Mardi 16 février 2021, l’avocat de l’acteur a d’ailleurs fait une révélation inattendue qui a choqué le plateau de C à vous : “Il y a aujourd’hui une telle peur des réseaux sociaux que vous savez ce qu’il s’est passé vendredi soir ? Un film, dans lequel Richard Berry n’est qu’acteur, a été déprogrammé de France 3 [...] C’est ça la présomption d’innocence ?”, s’est insurgé Hervé Temime devant les caméras de France 5.

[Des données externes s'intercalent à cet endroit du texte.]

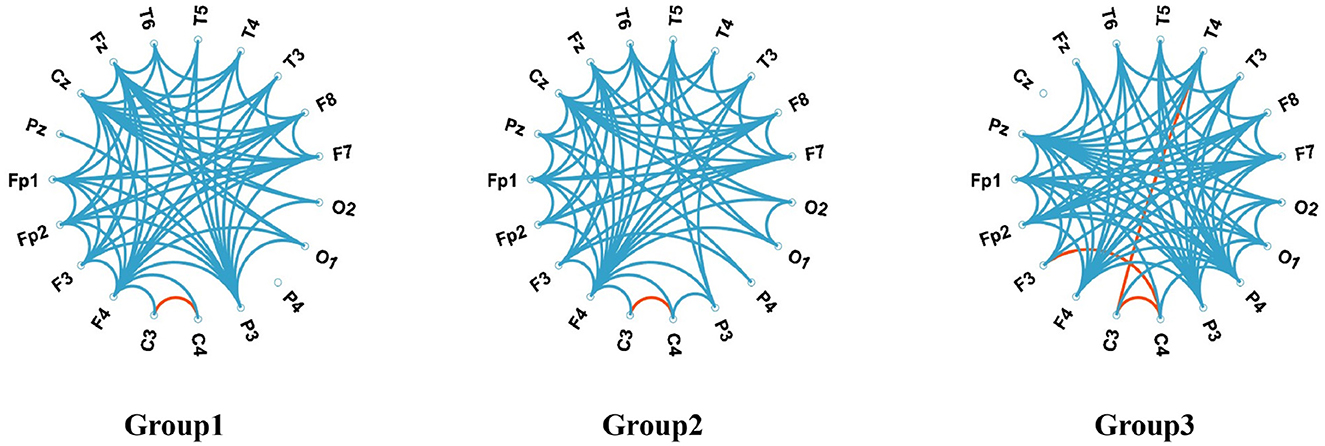 Figure 5. Chordal maps illustrate the differences in brain network connectivity. Blue lines indicate that Delta bands exhibit reduced functional connectivity compared to the full-screen segment bands. In contrast, red lines show that Delta bands have increased functional connectivity compared to the full-screen segment bands.

Vendredi 12 février 2021, France 3 avait en effet prévu de diffuser le téléfilm La loi de Damien : l’égal des Dieux, dans lequel Richard Berry tient le rôle principal. Mais c’est finalement La loi de Julien, incarné par Jean-Pierre Darroussin, que les téléspectateurs ont pu suivre sur leurs écrans… En direct dans C à vous, Anne-Elisabeth Lemoine a dévoilé la réponse reçue par la chaîne : “Afin de ne pas perturber les démarches juridiques, dont la presse se fait les comptes, de Richard Berry et sa fille, en accord avec les ayants droit, France 3 décale la programmation de La loi de Damien”, a annoncé la présentatrice. Ainsi, l’affaire d’inceste est bel et bien au centre de cette décision… qui (...)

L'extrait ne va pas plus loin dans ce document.